> [TASK OBJECTIVE]
Copy nothing but the lines below, from the one with "119Selling a copy" through the one with "Le linee: la", exactly as written; no pictures should appear.

> [RECORDS]
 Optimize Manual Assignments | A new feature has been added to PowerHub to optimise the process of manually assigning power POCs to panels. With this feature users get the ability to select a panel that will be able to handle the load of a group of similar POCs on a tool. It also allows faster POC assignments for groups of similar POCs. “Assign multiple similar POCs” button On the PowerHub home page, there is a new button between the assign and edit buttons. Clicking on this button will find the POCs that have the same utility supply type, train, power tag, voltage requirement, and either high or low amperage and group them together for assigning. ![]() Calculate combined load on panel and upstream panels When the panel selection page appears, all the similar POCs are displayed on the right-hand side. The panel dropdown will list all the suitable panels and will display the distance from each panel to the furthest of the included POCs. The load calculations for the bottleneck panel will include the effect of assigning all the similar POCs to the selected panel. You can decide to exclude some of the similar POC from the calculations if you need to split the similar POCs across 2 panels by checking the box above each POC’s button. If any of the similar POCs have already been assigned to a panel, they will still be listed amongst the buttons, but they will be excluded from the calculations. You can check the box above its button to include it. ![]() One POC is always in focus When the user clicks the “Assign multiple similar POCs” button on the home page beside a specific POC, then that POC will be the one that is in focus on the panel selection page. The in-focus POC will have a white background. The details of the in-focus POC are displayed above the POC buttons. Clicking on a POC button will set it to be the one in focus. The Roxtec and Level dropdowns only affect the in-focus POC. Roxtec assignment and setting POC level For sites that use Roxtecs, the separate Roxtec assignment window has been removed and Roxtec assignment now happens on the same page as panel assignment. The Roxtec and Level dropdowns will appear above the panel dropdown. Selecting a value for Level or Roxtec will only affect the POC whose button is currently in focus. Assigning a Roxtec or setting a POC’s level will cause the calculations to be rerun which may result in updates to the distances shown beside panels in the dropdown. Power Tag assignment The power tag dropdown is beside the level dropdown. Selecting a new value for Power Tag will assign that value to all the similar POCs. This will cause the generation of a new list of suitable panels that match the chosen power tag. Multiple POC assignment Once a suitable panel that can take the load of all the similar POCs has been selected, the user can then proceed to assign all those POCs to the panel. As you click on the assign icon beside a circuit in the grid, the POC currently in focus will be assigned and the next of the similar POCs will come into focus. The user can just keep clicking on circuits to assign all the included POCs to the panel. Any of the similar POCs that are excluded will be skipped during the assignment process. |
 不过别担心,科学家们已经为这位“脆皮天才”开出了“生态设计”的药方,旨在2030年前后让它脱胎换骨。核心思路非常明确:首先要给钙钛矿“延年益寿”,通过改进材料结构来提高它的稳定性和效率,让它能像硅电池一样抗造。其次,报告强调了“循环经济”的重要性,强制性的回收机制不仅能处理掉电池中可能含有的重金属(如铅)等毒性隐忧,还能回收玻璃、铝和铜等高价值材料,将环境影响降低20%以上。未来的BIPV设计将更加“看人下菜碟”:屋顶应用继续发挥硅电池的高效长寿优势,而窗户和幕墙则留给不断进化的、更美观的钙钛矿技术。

* * *

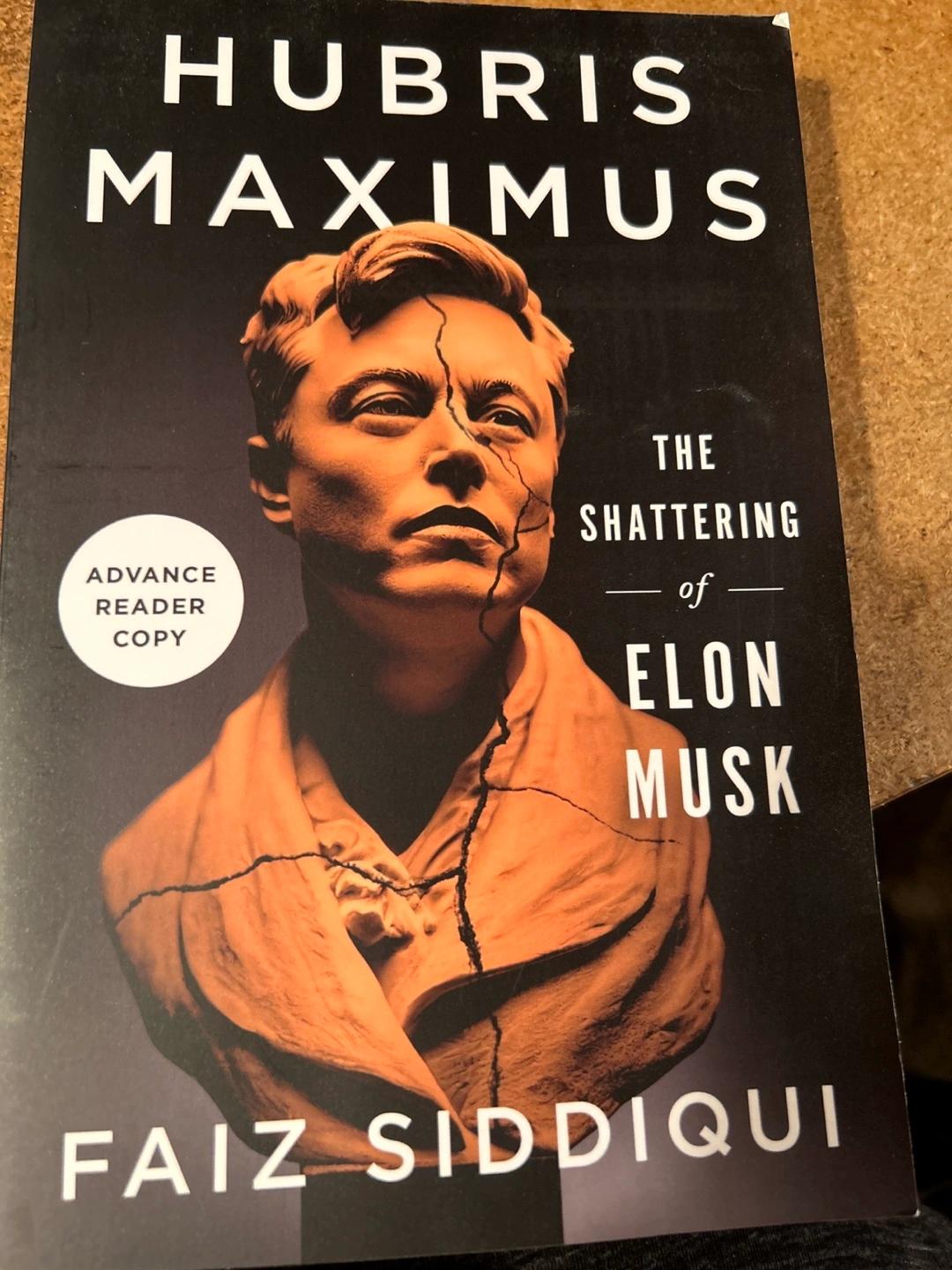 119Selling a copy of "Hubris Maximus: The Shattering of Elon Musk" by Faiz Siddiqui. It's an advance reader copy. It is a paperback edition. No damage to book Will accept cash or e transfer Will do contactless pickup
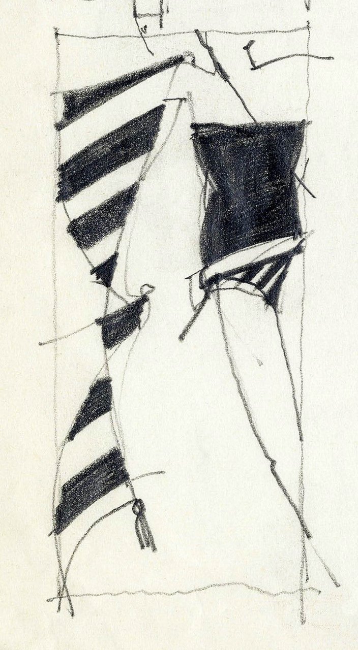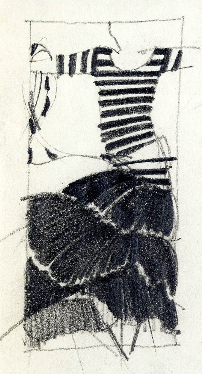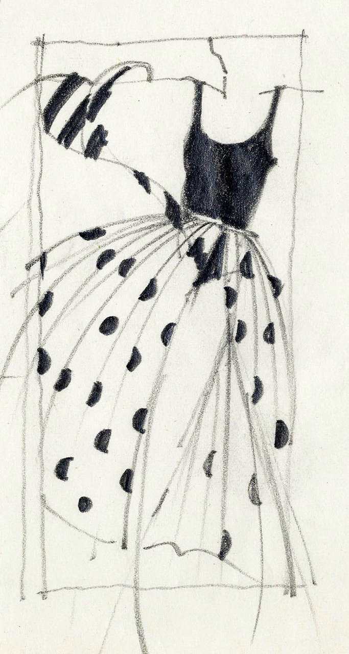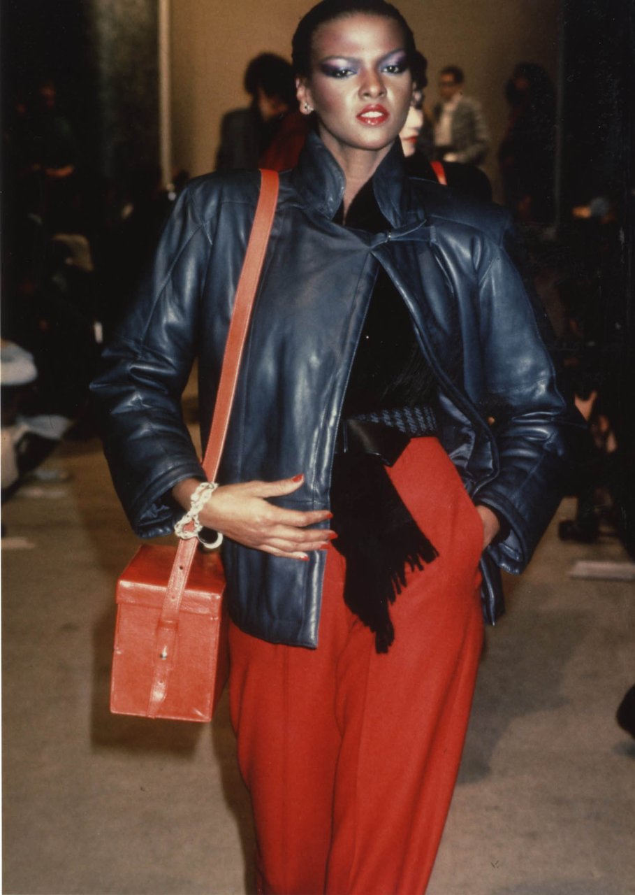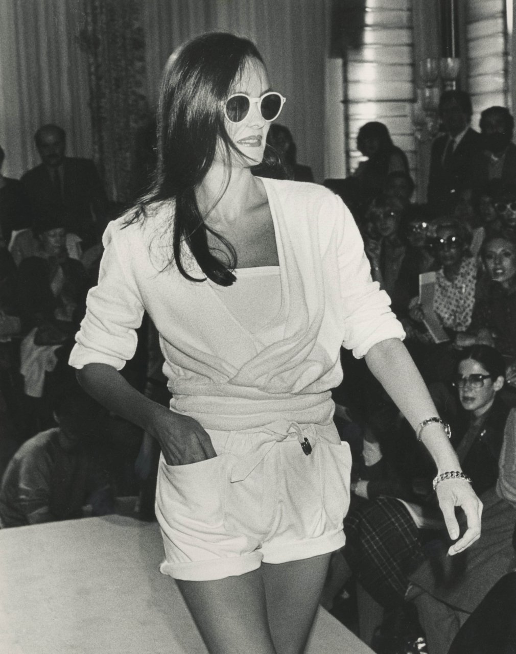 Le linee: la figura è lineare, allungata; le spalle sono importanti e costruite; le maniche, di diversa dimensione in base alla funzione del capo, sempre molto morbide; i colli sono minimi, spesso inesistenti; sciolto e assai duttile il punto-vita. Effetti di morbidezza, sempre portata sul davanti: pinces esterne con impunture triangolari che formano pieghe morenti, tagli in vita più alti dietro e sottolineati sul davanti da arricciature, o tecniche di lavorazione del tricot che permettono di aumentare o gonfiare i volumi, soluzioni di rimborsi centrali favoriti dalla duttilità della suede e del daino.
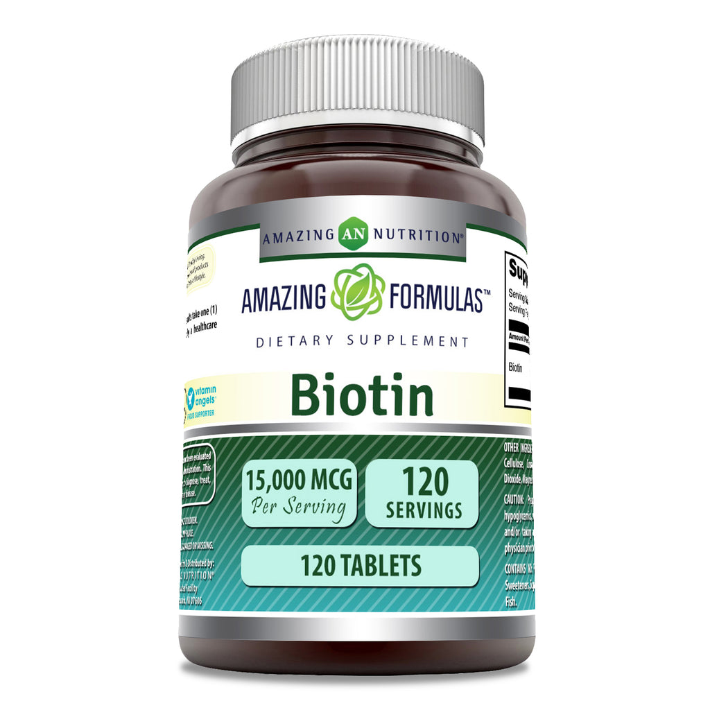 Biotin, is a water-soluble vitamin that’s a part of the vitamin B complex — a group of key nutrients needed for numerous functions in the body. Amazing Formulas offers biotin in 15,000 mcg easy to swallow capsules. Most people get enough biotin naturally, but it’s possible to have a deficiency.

> [ANSWER SPACE]
 119Selling a copy of "Hubris Maximus: The Shattering of Elon Musk" by Faiz Siddiqui. It's an advance reader copy. It is a paperback edition. No damage to book Will accept cash or e transfer Will do contactless pickup
 Le linee: la figura è lineare, allungata; le spalle sono importanti e costruite; le maniche, di diversa dimensione in base alla funzione del capo, sempre molto morbide; i colli sono minimi, spesso inesistenti; sciolto e assai duttile il punto-vita. Effetti di morbidezza, sempre portata sul davanti: pinces esterne con impunture triangolari che formano pieghe morenti, tagli in vita più alti dietro e sottolineati sul davanti da arricciature, o tecniche di lavorazione del tricot che permettono di aumentare o gonfiare i volumi, soluzioni di rimborsi centrali favoriti dalla duttilità della suede e del daino.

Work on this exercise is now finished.